Here is a list of example documents I have:
- O/Purist Tsipouro
- Southside
- South Side
- Bénédictine
- Piña Colada
- Bee's Knees
- Beer
- 49th Street
- 49 Warriors
- 3 Dolla
Few requirements on how I want it to work.
Input - Expected output examples
- [“O/P”, “o / pu”, “o/p”] -> [“O/Purist Tsipouro”, … ]
- [“Southside”] -> [“Southside”, “South side”, … ]
- [“South side”] -> [“South side”, “Southside”, … ]
- ["benedict", "ben”, “Bénédictine”] -> [“Bénédictine”, … ]
- [“Bee’s”, “bees”, ] -> [“Bee's Knees”]
CURRENT SETUP
Here is my setting:
settings: {
analysis: {
char_filter: {
"my_char_filter": {
type: "mapping",
mappings: [
"' => ",
"’ => ",
]
}
},
filter: {
"my_word_delimiter": {
type: "word_delimiter",
}
},
analyzer: {
"autocomplete": {
type: "custom",
tokenizer: "autocomplete_tokenizer",
char_filter: ["my_char_filter"],
filter: ["lowercase", "asciifolding", "my_word_delimiter"],
},
},
tokenizer: {
"autocomplete_tokenizer": {
type: "edge_ngram",
min_gram: 1,
max_gram: 20,
token_chars: ["letter", "digit"],
}
}
},
},
mappings: {
properties: {
name: { type: "text", analyzer: "autocomplete" },
}
}
Here is my query:
query: {
match: {
name: {
query: search_query,
analyzer: "autocomplete",
boost: 1
}
}
}
PROBLEM
It works great until I index anything with digits, like “3 dolla”, “49th street”.
If I do, im getting this error:
{"type"=>"illegal_argument_exception", "reason"=>"startOffset must be non-negative, and endOffset must be >= startOffset, and offsets must not go backwards startOffset=0,endOffset=2,lastStartOffset=2 for field 'name'"} on item with id …

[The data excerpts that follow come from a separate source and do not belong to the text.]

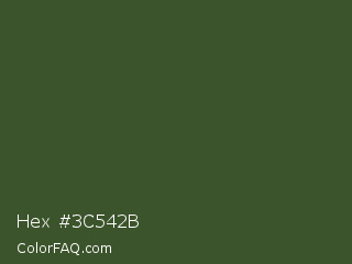 Hex #3c542b Color is a dark green color and the nearest color is Tom Thumb #3f583b. Hex code #3c542b and RGB value is rgb(60,84,43). In RGB color space, this color is composed of 24% red, 33% green, 17% blue, In CMYK color space, this color is composed of 29% cyan, 0% magenta, 49% yellow , 67% black , In HSL color space, this color has a hue angle of 95° , 32% saturation and 25% lightness.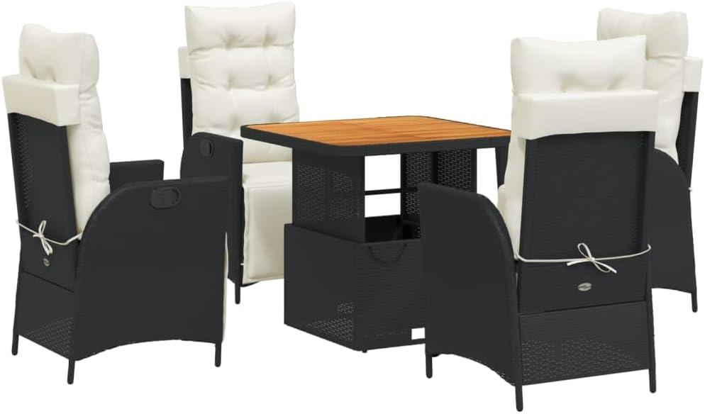 This stylish patio dining set is an excellent option for outdoor gathering, offering a blend of comfort and functionality. Made from durable black PE rattan and sturdy powder-coated steel, it withstands the elements while providing a sophisticated touch to your garden or patio. The versatile design includes reclining chairs with adjustable backrests and a lift-up tabletop that can easily transition from a coffee table to a dining table, making it perfect for both casual lounging and dining occasions. Each seat is generously cushioned for optimal comfort, enhancing your outdoor experience while offering removable covers for hassle-free cleaning.While this dining set has many benefits, there are also a few considerations to keep in mind. Pros include its weather-resistant materials, ease of maintenance, and stylish design that fits well in any outdoor setting. On the downside, assembly is required, which might potentially be challenging for some users. Additionally, the maximum load capacity per seat is about 242.5 lbs, so heavier individuals may need to take care. this dining set provides a balance of elegance and practicality, making it a popular choice for outdoor enthusiasts.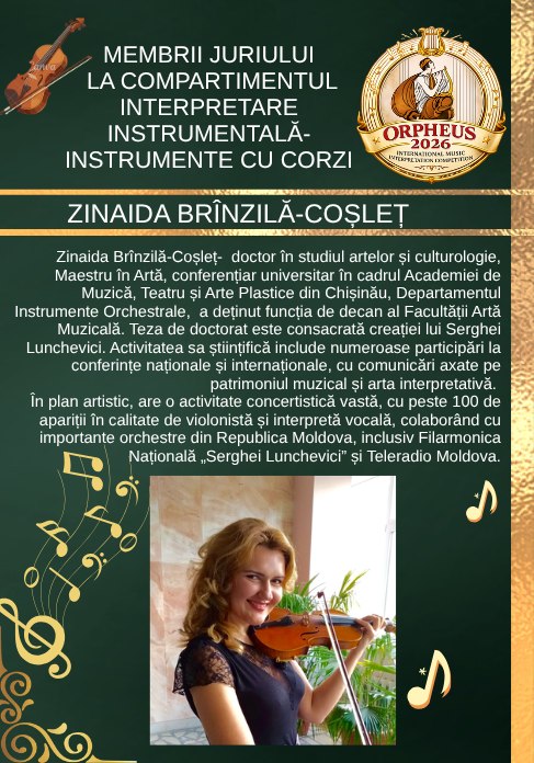 Din juriu face parte și Zinaida Brînzilă-Coșleț, doctor în studiul artelor și culturologie, Maestru în Artă și conferențiar universitar la Academia de Muzică, Teatru și Arte Plastice. Activitatea sa științifică și artistică este remarcabilă, incluzând cercetări dedicate patrimoniului muzical, precum și o bogată carieră concertistică, cu numeroase apariții alături de orchestre importante, inclusiv Filarmonica Națională și Teleradio Moldova.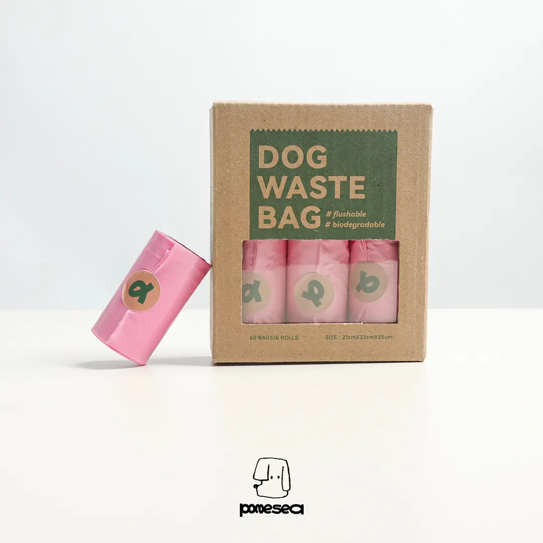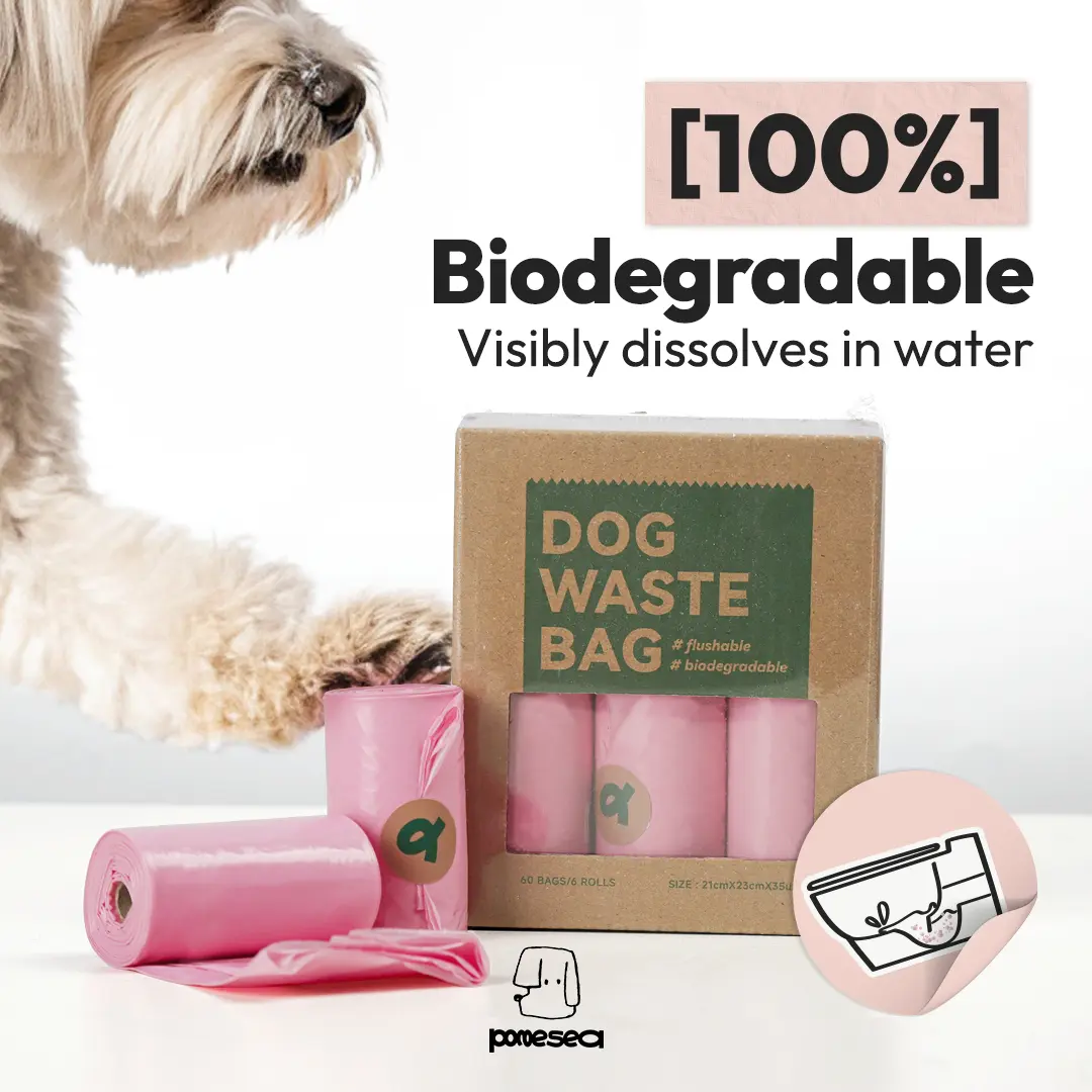 POMESEA Biodegradable Dog Poop Bags, Visibly dissolves in water, Extra Thick, Eco-Friendly & Water-Soluble, Biodegradable Waste Bags for Toilet Disposal, 60 Count (6 Rolls)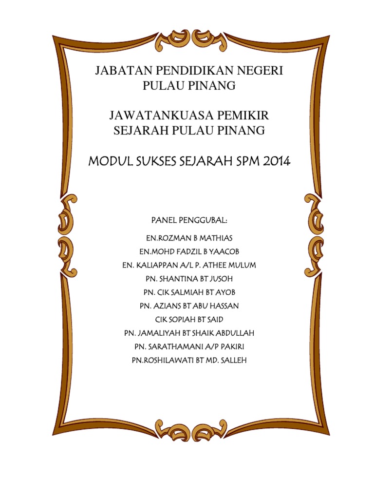 Model Sukses Sejarah Spm 2014 Jpn Pulau Pinang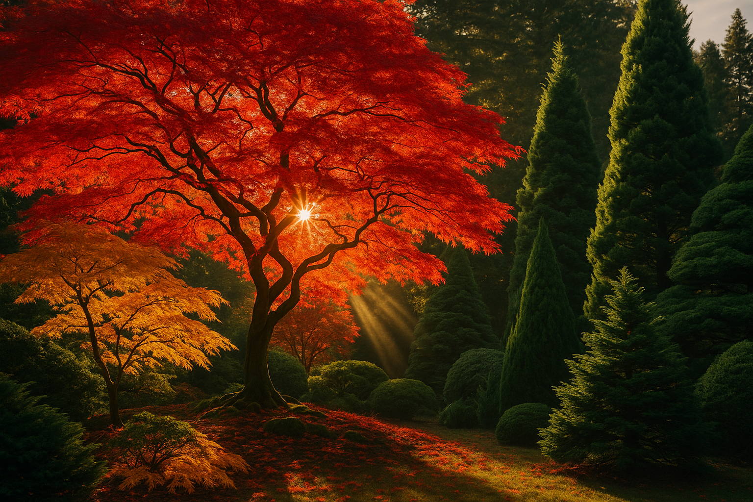 🌳 Anchors / Featured Elements: Luminous Maples • Rare Dwarf Conifers • Central Focal Specimen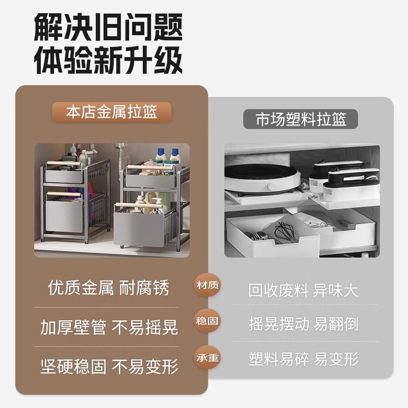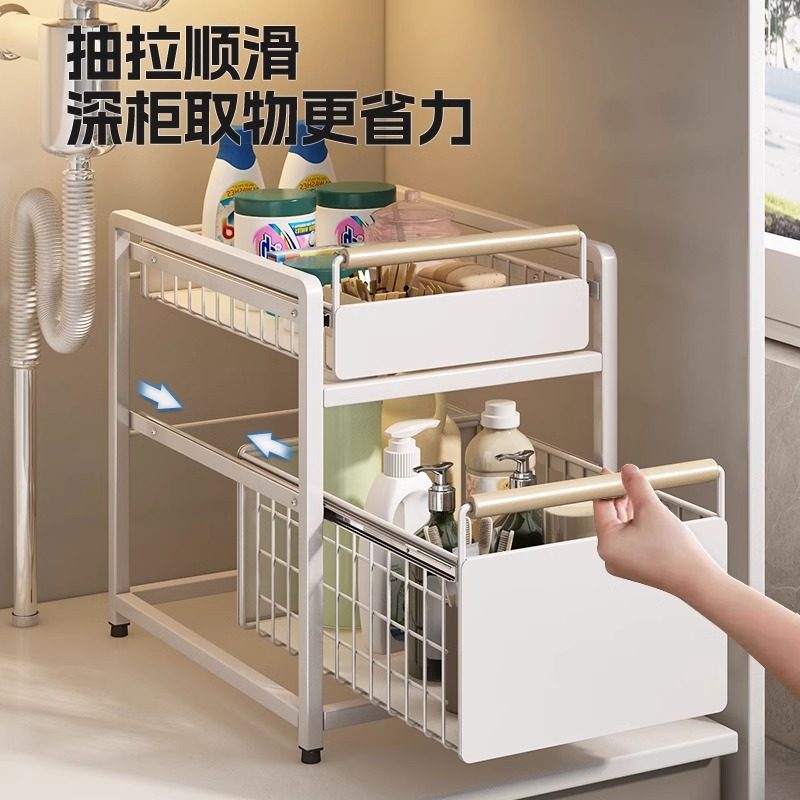 日本卫生间下水槽落地置物架浴室柜下抽拉整理收纳神器柜子分层架

If I understand correctly, its the problem with edge_ngram tokenizer. I’ve tried to move it to the filter and it resolves the error but then the quality of the search results is simply terrible.
I would appreciate if someone could help me fix this or point to the right direction in docs/google.
Im super lost and stuck.
Thank you